On Behalf of | May 29, 2024 | Chapter 7 Bankruptcy

People who have more debts than income may recognize that they need to take steps to get their finances under control. One of these options is that they may opt to file for bankruptcy. Consumers typically have to decide if they’ll file for Chapter 7 or 13, both of which can address those debts to a certain extent.

In order to qualify for a Chapter 7 bankruptcy, a filer has to meet the requirements of the means test, which means that they don’t earn much income and can’t reasonably be expected to repay their debts any time soon.

What happens to debts in a Chapter 7 bankruptcy?

Chapter 7 bankruptcy is known as the liquidation bankruptcy because a filer’s non-exempt assets can be seized and liquidated by the bankruptcy trustee to repay as much of their debts as possible. In reality, it’s up to the trustee to determine if the process of liquidating available assets is worth the court’s time. In the vast majority of cases, a person who qualifies for Chapter 7 bankruptcy won’t have enough assets to warrant liquidation.

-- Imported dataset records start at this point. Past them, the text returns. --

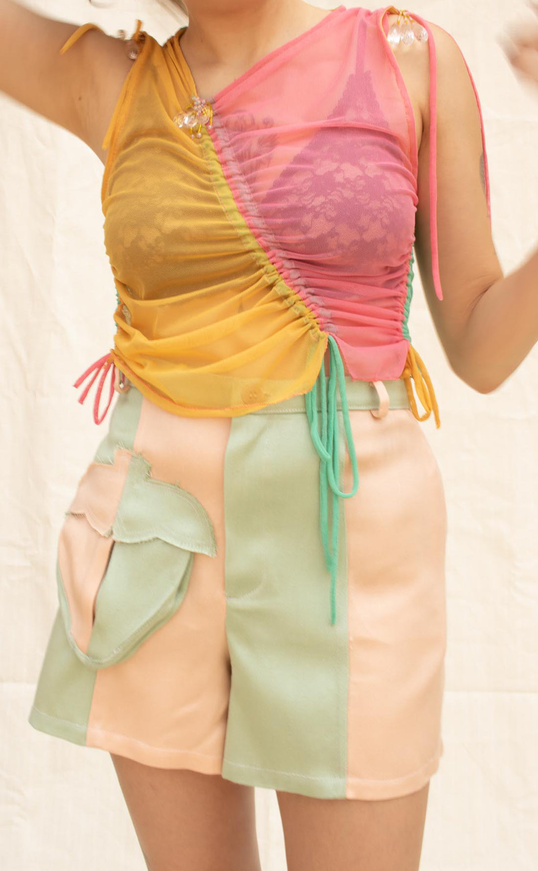 Shorts amplios tiro alto con pretina ajustada y bolsas invisibles en los costados
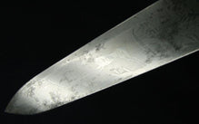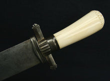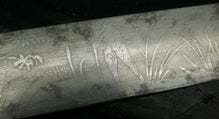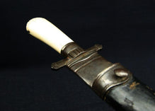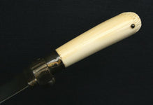 Originally a trousse, both the fork and the by-knife are long gone. Polished steel hilt supports the beautifully carved grip. Blade is superbly etched with two hunting scenes, which run along the whole length of both sides of the blade, and feature baroque hunting scenes, which are significantly above average in workmanship and artistic composition.
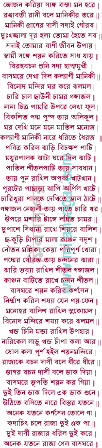 | চলিতে না পারে রাজা কাঁপে থর থর | শয়ন করিল গিয়া খট্টার উপর || [ মনে বড় সুখ পাইল মল্লিকা কুসুম | শয়ন করিতে বুড়া রাজা গেল ঘুম || ঐরূপে নিদ্রাগত নাই পাই সাড়া | গঙ্গাজলে ভাসে যেন দু মাসের মড়া || বাসঘরে শয়ন করিল নরপতি | নাস বেশ করে [ হেথা ] রঞ্জা রূপবতী || [ শ্রীধর্ম্মের মায়া কহনে নাঞী যায় | অনাদিমঙ্গল দ্বিজ রূপরাম গায় || ] বয়স-গৌরবে রসে নানা পরিপাটি | সমুখে যোগায় দাসী সিন্দুরের বাটি || নারায়ণতৈল চুয়া চন্দন লেপনি | অলঙ্কার পরিল গলায় গরুড়মণি || নাসবেশ করে রানী রঞ্জা বিদ্যাধরী | হীরামন মতি দিয়া দিব্য শোভা করি || পুরটের থোপা দিয়া বান্ধিল সুন্দর | দুসতি চাঁপার মালা তাহার উপর || মদনমোহন তায় মল্লিকার ঝারা | সিঁথীর সিন্দুর জবা দক্ষিণেতে বারা || চন্দনের রেখা দিল সিন্দুরের কোলে | উদয়পতঙ্গ শশী এক ঠাঞী জ্বলে || মোহন কাজল দিল চন্দনের ফোটা | গগনে ঈষৎ যেন কাদম্বিনী ঘটা || নয়ানে পরে রানী মোহন-কাজল | চিনি-চিনি করে যেন সাপের গরল || আনন্দে পরেন রানী অষ্ট অভরণ | সিন্দুরে মাজিয়ে রানী দেখিল দর্পণ || পরিপূর্ণ মাল্য পরে আর রসকাটি | পয়োধর-হার সাজে বড় পরিপাটি || বাসঘরে অভিলাষে নাসবেশ করে | আনন্দহৃদয় নানা অলঙ্কার পরে || বদনসৌরভে অলি পায় পদ্মগন্ধ | তাড়ের উপরে দিল জোড়া বাহুবন্ধ || শঙ্খের উপরে দিল সুবর্ণের চুড়ি | কড়েতে অমূল্য ঝাপা ভালে ভঙ্গ ঢেড়ি || যতনে পরিল রানী কনক-অঙ্গুরী | সদাই সঞ্চরে তায় তরণি বিজরী || পায়ে শোভে পাশুলী অপূর্ব্ব পাতামল | রসাল নূপুরবাজে সহজে উজ্জ্বল || লক্ষ টাকার কাঁচুলি করিল পরিধান | বিচিত্র লিখিল তায় ভারত-পুরাণ || [ বসুদেব বন্দিখানা কংস-কারাগারে | চরণে ডাড়ুকা দড় কপাট দুয়ারে || বন্দিখানা দুসর দৈবকী ঠাকুরাণী | বন্দিঘরে জন্ম নিল দেব চক্রপাণি || চতুর্ভুজ অবতার বনমালা গলে | বিপাকে দেখিয়া কৃষ্ণ বসুদেবে বলে || এই দন্ডে নন্দের মন্দিরে মোরে নেও | যশোদার কন্যা লইয়া কংসঘরে দেও || কহিতে বলিতে কৃষ্ণ বালকমূরতি | বসুদেব গোকুলে চলিলা রাতারাতি || সূর্য্যের নন্দিনী পথে আকুল যমুনা | সেই পথে সারথি হইল ত্রিলোচনা || সেই পথ জলে একা বসুদেব যান | কোলেতে আছিলা কৃষ্ণ পড়িলা নিদান || হায় হায় করে দ্বিজ না দেখে নন্দন | পুনরপি দেখা দিল দেব নারায়ণ || তবে দ্বিজ নন্দের মন্দিরে দরশন | এই সব কাঁচলিতে ভারত লিখন || কৃষ্ণ রাখি কন্যা লইয়া করিল গমন | দৈবকীরে কন্যা লইয়া দিলেক তখন || কোলে দিতে কান্দে দুর্গা কৃষ্ণের ভগিনী | প্রহরী দুয়ারে জাগে অপরূপ শুনি || বারতা পাইতে কংস আল্য কারাগারে | দৈবকীর কন্যা নিল পাবক-সঞ্চারে || পাথরে আছাড় মারে দয়া নাই মনে | হাতে হৈতে জয়দুর্গা উঠিলা গগনে || গগনে উড়িয়া দেবী ডাক দিয়া বলে | জন্মিল তোমার অরি নন্দের গোকুলে || এত বলি ভবানী হইল অন্তর্ধান | রূপরাম ফকির ধর্ম্মের গীত গান || . লাউসেন-জন্ম পালার পরের পৃষ্ঠায
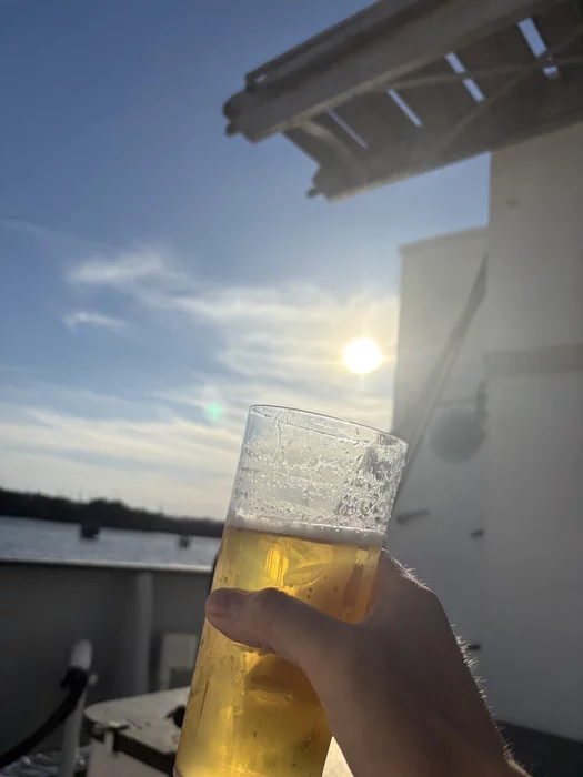 Почуяв движ на корабле затем долго не мешкаясь взял этот Корабль-бар на абордаж. Затем через несколько мнгновений в хлопнул пiва в хвостовой части судна
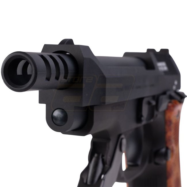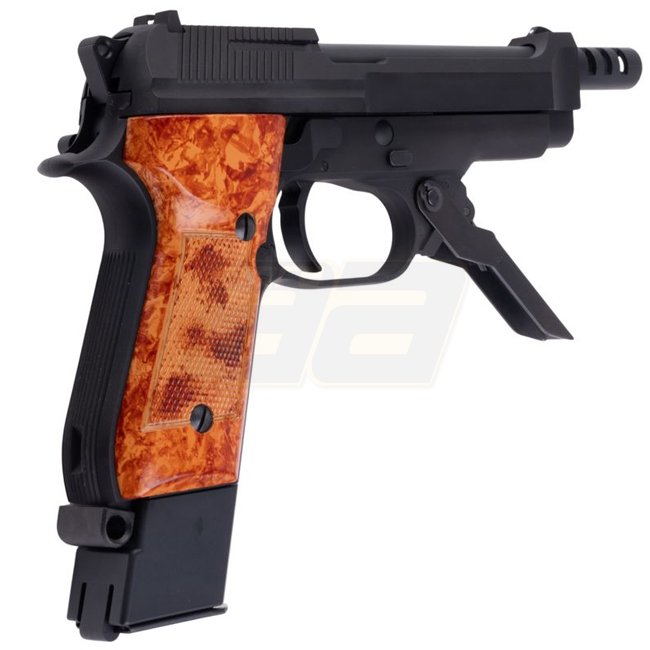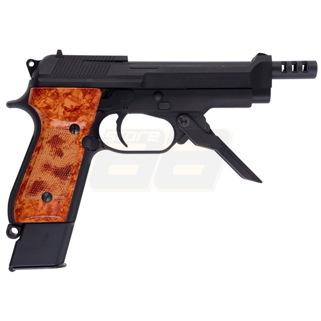 Le modèle est doté d'un corps Heavy Weight (HW) avec des renforts métalliques, conférant à l'arme un poids réaliste et une sensation de haute qualité. Les caractéristiques typiques du M93R sont entièrement conservées : mode rafale de trois coups, tir semi-automatique et poignée avant repliable pour un meilleur contrôle lors des tirs rapides.
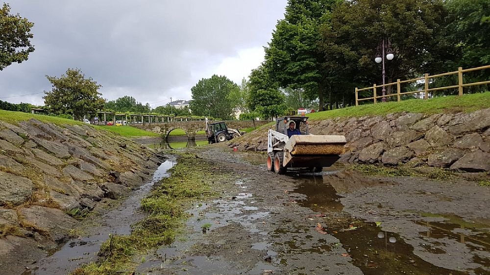 4 de Junio de 2018. Las brigadas municipales, apoyadas por la empresa Excavaciones y Transportes Ayán S.L. comenzaron esta mañana los trabajos de limpieza y acondicionamento de la laguna del Parque de los Condes, es la cuarta que se lleva adelante desde que José Tomé llegó a la Alcaldía, y que era uno de sus compromisos para mantener en buen estado esta zona de la ciudad.
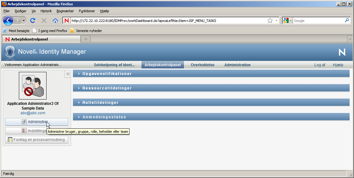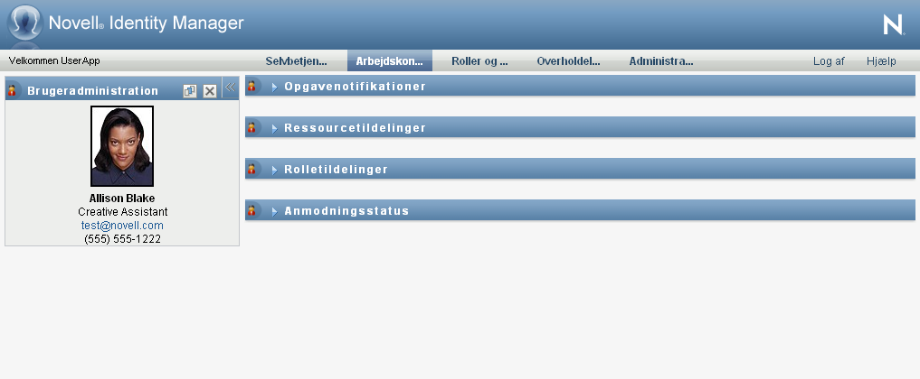 Når du vælger en bruger, gruppe, beholder, rolle eller et team, sætter arbejdskontrolpanelet dig i administrationstilstand og opdaterer afsnittet Brugerprofil til venstre på skærmen. Brugerprofilens visning opdateres som følger:
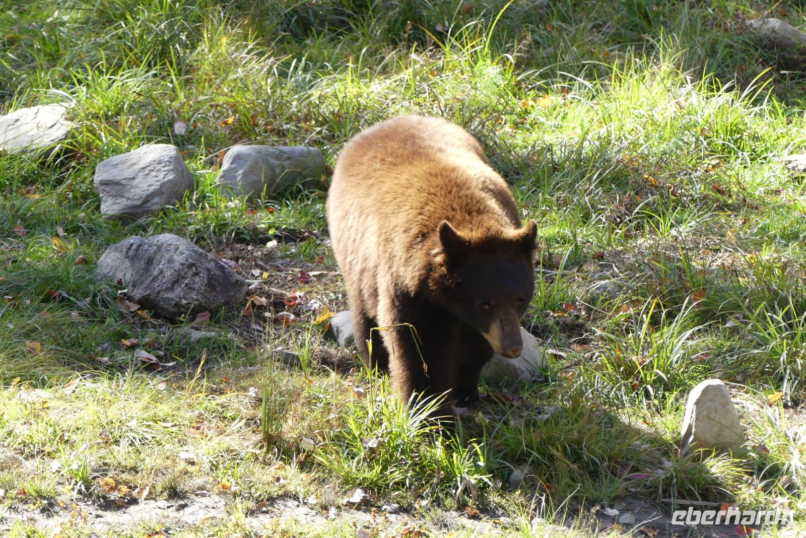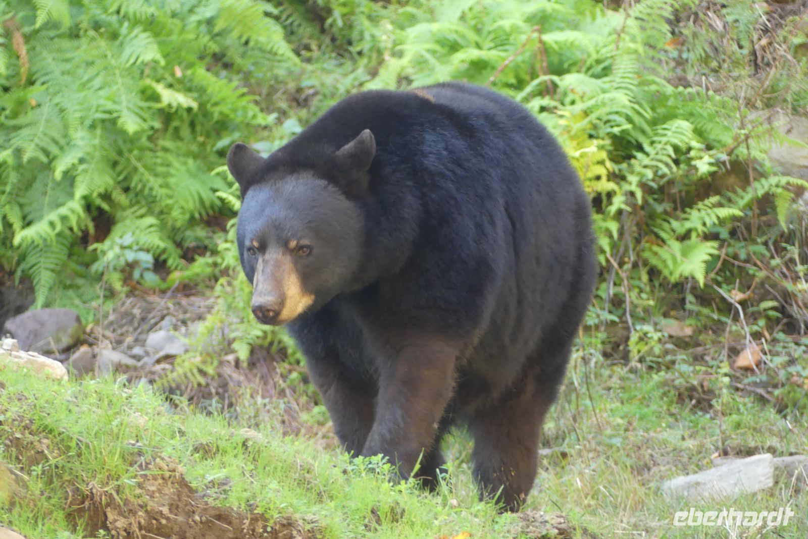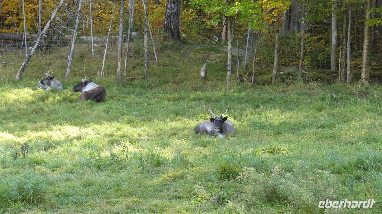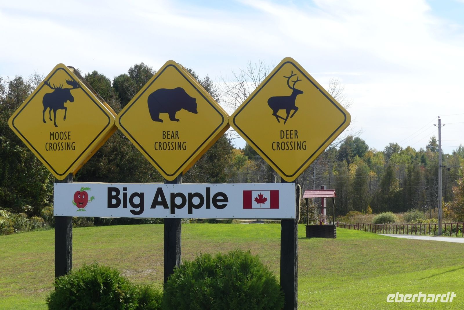 Unser erstes Tagesziel ist der Richtung Montreal gelegene Omega-Wildpark. In diesem Park wurden so ziemlich alle Wildtieren angesiedelt, die ihre Heimat in Kanada haben. Ähnlich wie bei einer Safari begeben wir uns mit einem Fahrzeug auf Entdeckungsreise. Wir sitzen in einem älteren Modell eines Schulbusses. Durch die offenen Fenster können wir fotografieren und Tiere mit Möhren füttern. Vor allem die Wapitis warten schon auf diesen Imbiss. Sie sind an die Fahrzeuge gewöhnt und nicht scheu. Wapitis ähneln Hirschen und zählen auch zu der Familie der Hirsche. Bei dieser Tour durch eine schöne hügelige Landschaft mit toller Laubfärbung begegnen wir außerdem Wildschweinen, Karibus, Schwarzbären, Polarfüchsen, Wölfen, Bisons u. a. m.
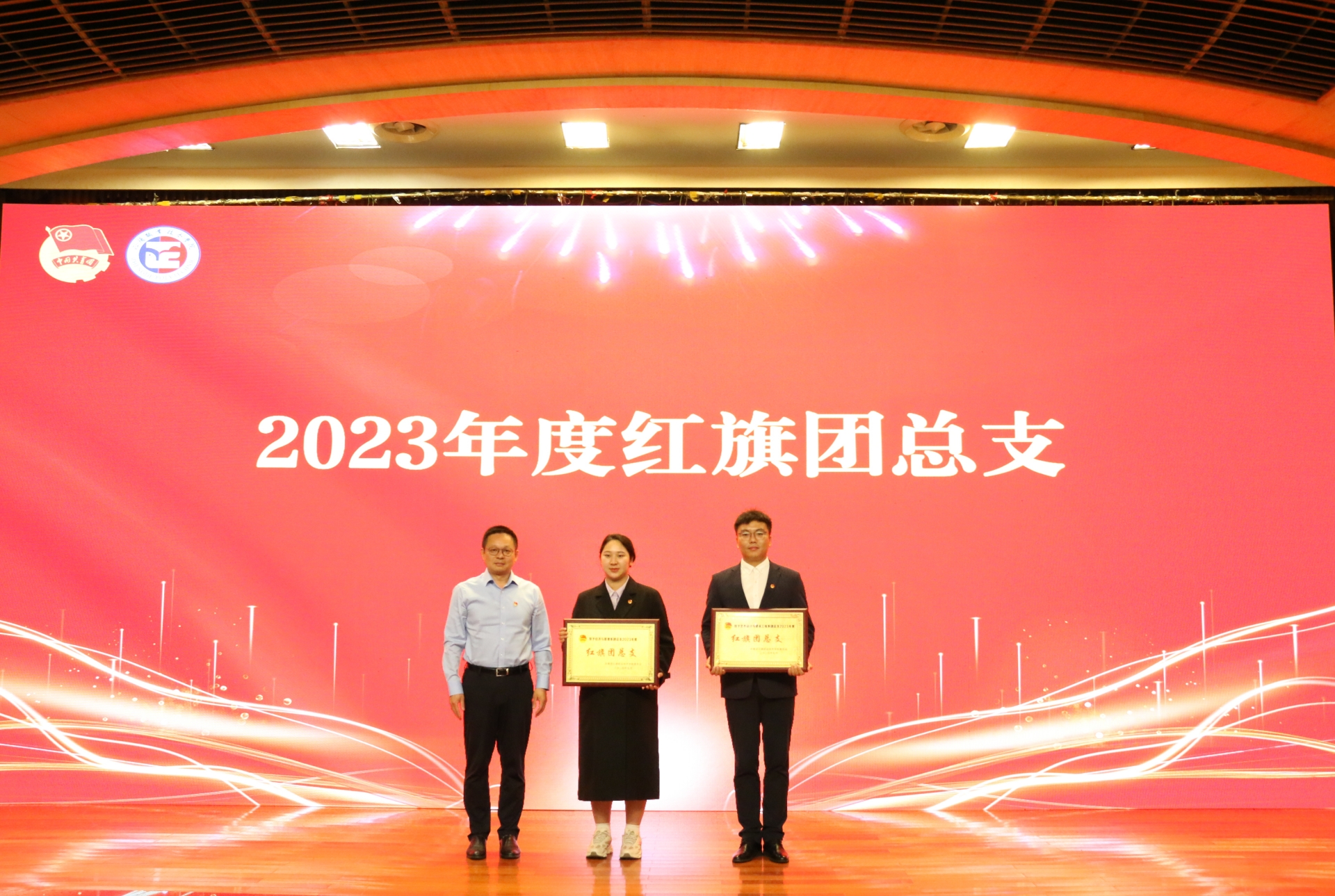 院党委书记、政府督导专员孙雷为红旗团总支颁奖

What assets are exempt from the process?

North Carolina requires filers in this state to use state-level exemptions. There’s no ability to choose to file using federal exemptions. Some of the more common exemptions in North Carolina include:

  • Unpaid wages backdated two months
  • Up to $35,000 in home equity, but it may increase to $60,000 in some cases
  • Up to $7,000 in personal property
  • Up to $3,500 in vehicle equity
  • Up to $500 in wildcard exemptions, but may increase to $5,000 if part of the homestead exemption is applied here
  • The entirety of a retirement plan
  • Life insurance policies if the filer’s child or spouse is the beneficiary
  • Up to $25,000 in college savings accounts

Anyone who’s considering filing for bankruptcy should explore how these exemptions may impact them. Working with a legal representative who can assist with this is beneficial so they can learn as much as possible about the entire process, including whether any of their property will be reasonably at risk of sale in the event that they file for Chapter 7 bankruptcy.